Proof. $(2.\Rightarrow 1.)$ We use Theorem 1. If option 1. fails, then there is an ideal $J$ on $\kappa$ with ${\rm cf}(\left< J\right>,{\subset})>|J|$.

Note that ${\rm cf}(\left< J\right>,{\subset})\le({\rm cf}(J,{\subset}))^{\aleph_0}$, and $\kappa\le|J|$. Moreover, if $\lambda<\kappa$, then $2^\lambda<{\rm cf}(J,{\subset})$ since, otherwise,

$({\rm cf}(J,{\subset}))^{\aleph_0}\le 2^{\lambda\aleph_0}=2^\lambda<\kappa$.

So ${\rm cf}(J,{\subset})\ge\kappa$ and then, by Hausdorff, in fact ${\rm cf}(J,{\subset})\ge \kappa^{+\omega}$, and option 2. fails.

$(1.\Rightarrow 2.)$ Suppose option 2. fails and let $\lambda=\kappa^{+\omega}$, so $\kappa<\lambda<2^\kappa$ and ${\rm cf}(\lambda)=\omega$. We use $\lambda$ to build an ideal $J$ on $\kappa$ with ${\rm cf}(\left< J\right>,{\subset})>|J|$.

For this, we use that there is a large almost disjoint family of functions from ${\rm cf}(\kappa)$ into $\kappa$. Specifically:

Lemma. If $\kappa$ is singular strong limit, there is a family ${\mathcal F}\subseteq{}^{{\rm cf}(\kappa)}\kappa$ with ${}|{\mathcal F}|=2^\kappa$ and such that for all distinct $f,g\in{\mathcal F}$, we have that ${}|\{\alpha<{\rm cf}(\kappa)\mid f(\alpha)=g(\alpha)|<{\rm cf}(\kappa)$.

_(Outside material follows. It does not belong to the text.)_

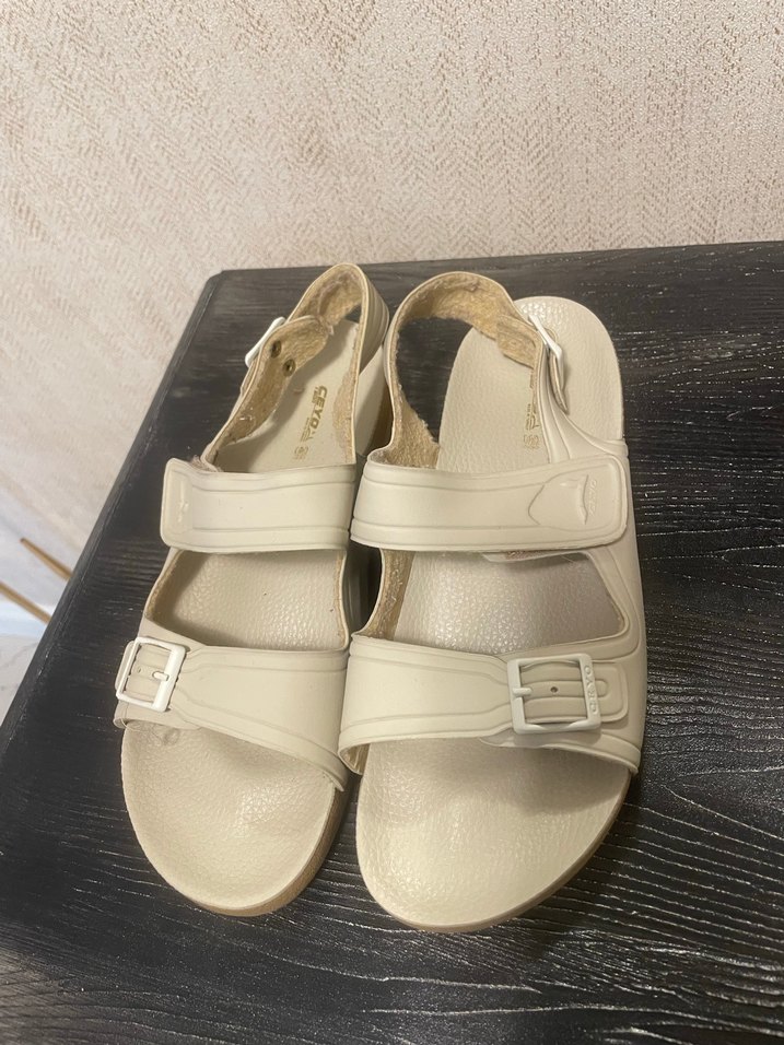 Bej renkte, #ceyosandalet #ceyoterlik #ceyo tokalı bantlara sahip kadın sandaletleri. Kauçuk malzemeden yapılmış, sade ve minimalist tasarıma sahiptir.
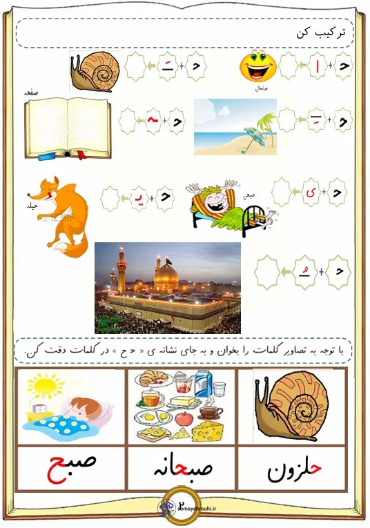 مشاهده بزرگ آموزش حروف الفباپایه اولکاربرگ های فارسی پایه اول کاربرگ نشانه ح برای کلاس اول + تمرین های متنوع

In my notes, I have a proof of a general version of this result, due to Galvin and Hajnal, see Lemma 12 here; essentially, we list all functions $f:{\rm cf}(\kappa)\to\kappa$, and then replace them with (appropriate codes for) the branches they determine through the tree $\kappa^{{\rm cf}(\kappa)}$. Distinct branches eventually diverge, and this translates into the corresponding functions being almost disjoint.

Pick a family ${\mathcal F}$ as in the lemma, and let ${\mathcal G}$ be a subfamily of size $\lambda$. Let $S=\bigcup{\mathcal G}\subseteq{\rm cf}(\kappa)\times\kappa$. We proceed to show that $|S|=\kappa$ and use ${\mathcal G}$ to define an ideal $J$ on $S$ as required.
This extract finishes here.